This report by Nicky Road of a recent conference has been forwarded by the Institute for Race Relations and should be of interest to teachers, social workers, lawyers and refugee groups in Brent.
The conference, organised by the Royal Holloway and the Tavistock and Portman NHS
on 19 September, brought together lawyers, teachers, mental health
workers, social workers, refugee organisations and young asylum seekers
to share their knowledge and experiences and to establish a network to
collate information and track the outcomes for separated young people
seeking asylum.
The excellent contributors detailed both the legal minefield of
seeking justice for these young people and the emotional and
psychological impact of displacement and a very uncertain and
potentially life-threatening future. Young people from Afghanistan also
participated in the day and spoke about their experiences of living in
the UK, gaining education and qualifications, making friends and a life
here only to be met with a very uncertain future as they reach 18.
There were speakers, films taken by young people speaking about their lives, a performance of
Mazloom, a play based on words and experiences of young asylum seekers, and a film called
Hamedullah.
This is the true story of Hamedullah who fled Afghanistan as a teenager
and lived safely in Canterbury until Border Agency officials came to
his house in the middle of the night, arrested him and removed him to
Kabul on a charter flight.

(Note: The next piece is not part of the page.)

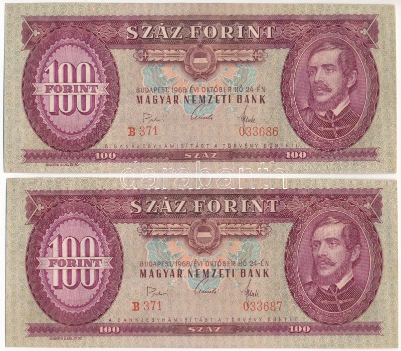 Leírás: 1968. 100Ft (2x) "B 371 033686 - B 371 033687" sorszámkövetők T:I- Adamo F32

Sue Clayton, a film director working in the
Media Department at the Royal Holloway, filmed the day he was led to his
flight and gave him a tiny video camera which he has since used to
capture his experience of returning and his daily struggle to survive.
This film is a very powerful testament to the dangers that these young
people face when they are forcibly removed and gives the lie to the
official statement that it is safe for these young men to return.
The greatest sense of injustice voiced by those young people present
was the inequality in the way they are treated in the UK. The different
standards of the legal representation they receive was also voiced by
many, lawyers included. Supporters of these young people have started to
show extracts of
Hamedullah to judges, highlighting what they
can expect on their return, and this is proving an increasingly
effective way of influencing the decisions taken by courts.
The film
Hamedullah costs £10 with all the proceeds going to
this young man to support him whilst he tries to make a new life for
himself. He has been unable to get work, has no family left and his
village is in one of the most dangerous areas. He is viewed with great
suspicion as belonging to neither country.